> _Activity_
Without pictures, repeat exactly the lines from the one containing "Einschalten der traditionellen" through the end of the entries.

[[ Input data, beginning ]]

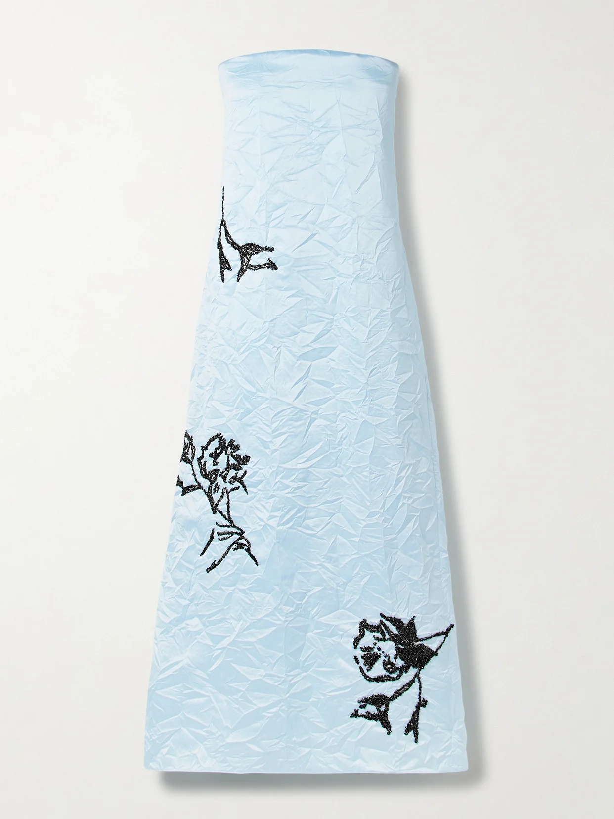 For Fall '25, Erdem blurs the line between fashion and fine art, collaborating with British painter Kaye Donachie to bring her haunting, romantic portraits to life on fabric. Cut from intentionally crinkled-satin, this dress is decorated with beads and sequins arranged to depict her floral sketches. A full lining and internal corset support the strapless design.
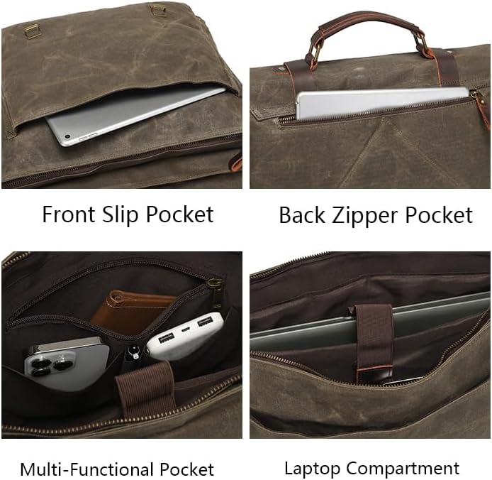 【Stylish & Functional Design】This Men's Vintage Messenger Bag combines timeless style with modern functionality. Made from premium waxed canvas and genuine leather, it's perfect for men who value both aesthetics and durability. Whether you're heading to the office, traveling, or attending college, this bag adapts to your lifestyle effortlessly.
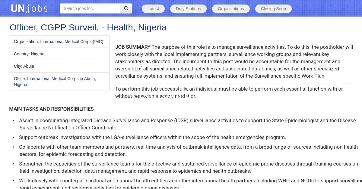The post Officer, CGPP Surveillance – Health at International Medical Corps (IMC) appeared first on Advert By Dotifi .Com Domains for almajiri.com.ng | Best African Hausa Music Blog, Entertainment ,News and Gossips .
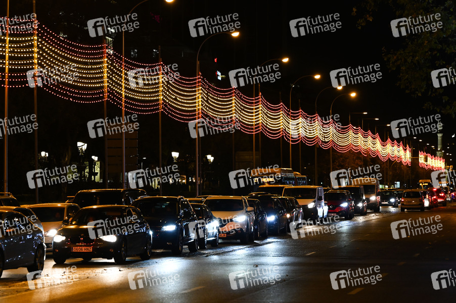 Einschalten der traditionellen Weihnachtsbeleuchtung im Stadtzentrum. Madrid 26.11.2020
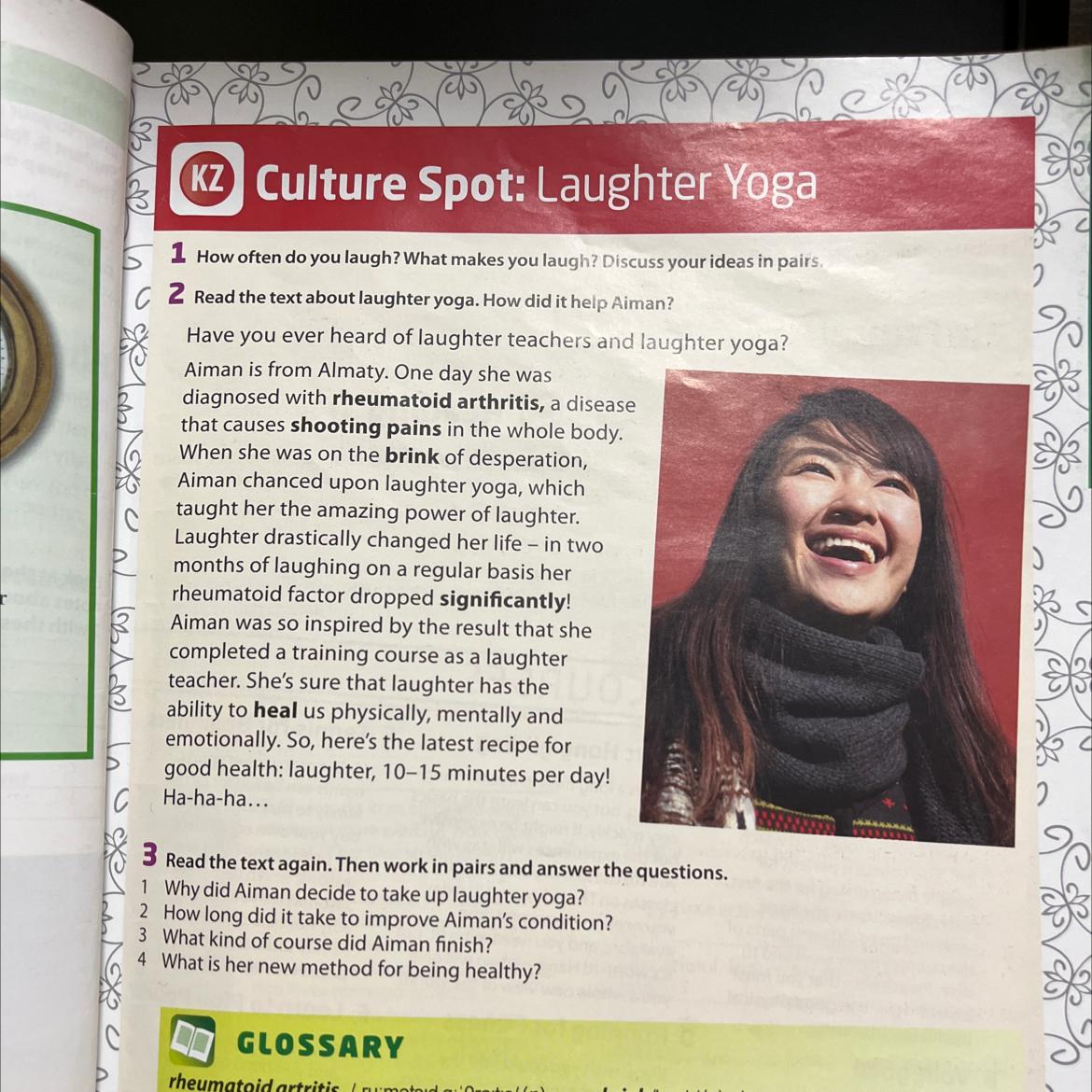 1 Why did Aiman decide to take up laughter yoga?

[[ Input data, end ]]

> _Answer area_
 Einschalten der traditionellen Weihnachtsbeleuchtung im Stadtzentrum. Madrid 26.11.2020
 1 Why did Aiman decide to take up laughter yoga?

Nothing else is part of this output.